The air grew chilly, and I pulled the collar of my coat up around my neck. Sid sat behind me, as still as the stone beneath us. My mind wandered, and I found myself reliving snatches of memory. The dragons on the Golden Gate Bridge, the Moj hordes appearing in North Carolina and Texas, and kaiju rising from the sea. I remembered the day the Alvehn came and saved us from the Moj. I remembered fighting in the unit of militia my father formed when the black drakes appeared. I recalled his death, sometime later, as we fought the Moj. For not the first time, I took comfort in the knowledge that his sacrifice had saved a city. I contemplated many things from my past, that night; the beauty and love, the horror and grief, and the sheer wonder of the multiverse. It defies my meager skill with words.
I remained awake and at her back all through her vigil. Instead of falling asleep, I seemed to enter a strange sort of mental state that was neither wakeful nor unconscious. It was awareness and feeling only, without thought. My wandering recollections faded away. I was aware of the quiet night, and of the woman who sat behind me. Acutely aware of Sidraytha. Somehow, though we faced away from each other, I knew she remained awake. Time became a single, eternal moment; reality was as crystal clear as the stars overhead.
The sky was growing pale to the east. I watched as the stars faded and the thin, pale crescent of the old moon rose ahead of the dawn. Birds called out to each other in shrill, bubbling whistles from the shadowy land around us. The sky grew steadily brighter and more birds joined that dawn chorus. It seemed to take forever, but at last a fiery sliver of light burst over the rim of the world. In a moment it was too bright to look at directly, and in the fullness of time, the sun rose above the horizon. The vigil had ended.
Feeling stiff and a little shaky, I got my knees under me and turned toward Sid. “It’s done,” I said. I looked up into the sky, stretching my back, and saw gryphons circling overhead. They were still watching us. I had no problem with that, not after what had happened.
Sid let go a deep sigh and bent forward a little, then nodded. “It is done,” she agreed, and though she needed no assistance, accepted my hand as I helped her stand.
“Are you okay?” I asked.
“Yes,” she said with another nod. “It would seem the God and Goddess share your judgment of me, Daffyd.” And she smiled, then stepped forward and kissed me. It was a brief kiss, and after it we just stood there, holding each other for a moment as the day brightened around us.

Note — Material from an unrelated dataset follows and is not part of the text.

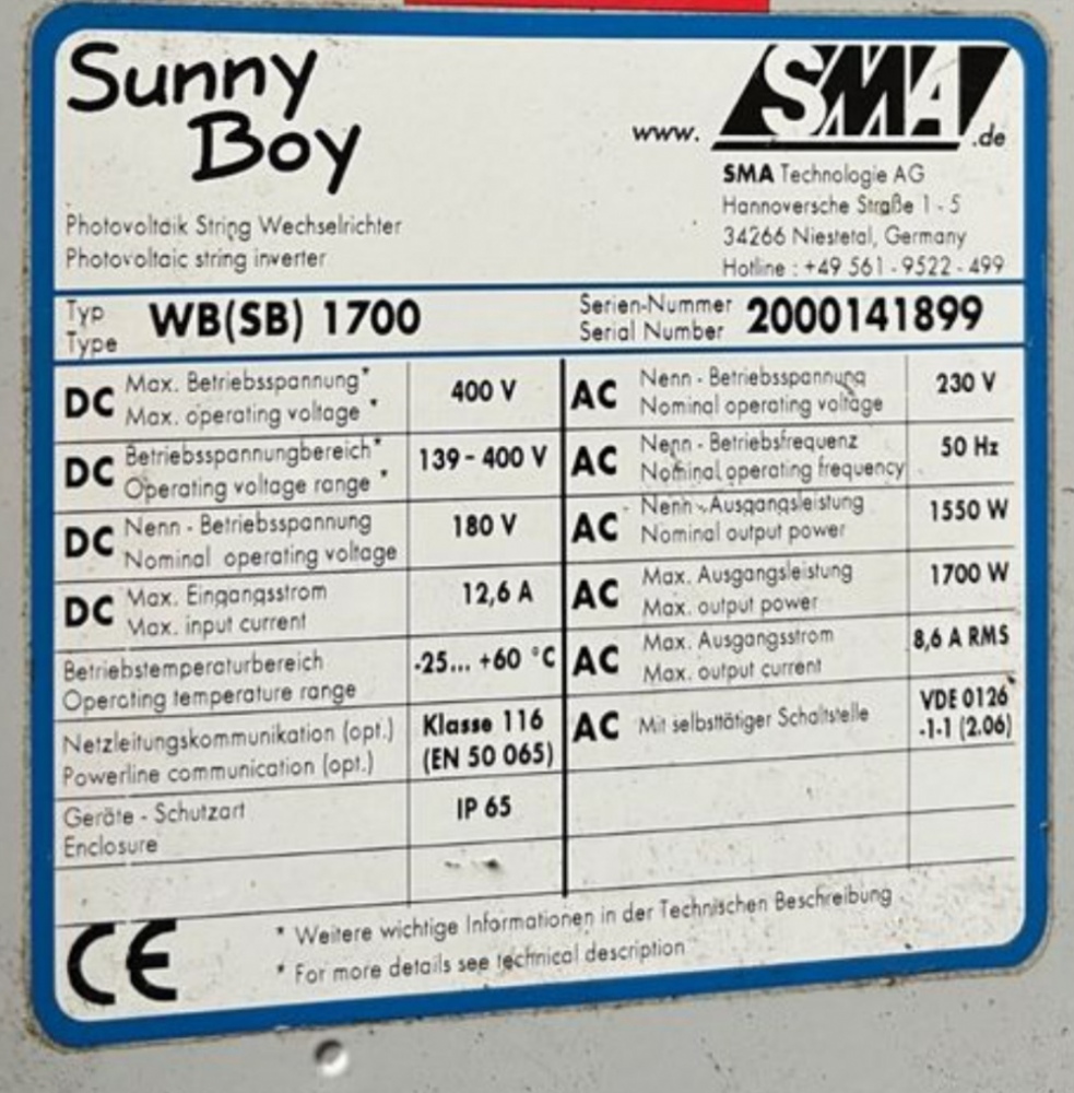 Ja, die Windy Boy sind im Prinzip Sunny Boy mit einer auf Windkraft vorprogrammierten Kennline. Deswegen steht auch als Typ WB (SB) 1700

I saw our companions just as she turned from me, and knew she did so as well when she let out a little gasp of surprise. There, on the rocks below us, with lanterns and candles and green glow lights that all still gleamed or flickered in the shadows cast by the hill, were what appeared to be most of the caravan’s company. Closest were Korl, Tensta, and Trey; arrayed around them were most of the surviving caravan guards. Not far down the hill I saw Grevin, the Prince, and the rest of the players. Master and Mistress Malley stood close together, holding hands. Beyond them, the rocks were liberally sprinkled with people, looking up at us. All of them looked utterly exhausted.
Our fellow travelers, aware of what Sid needed to do, and why, had chosen to keep the watch with me.
Sid stared out over them for a moment, speechless, then as tears spilled from her eyes she made the sign of the Two over them. After that, she went down on one knee and bowed her head.
I knelt beside her, and did the same.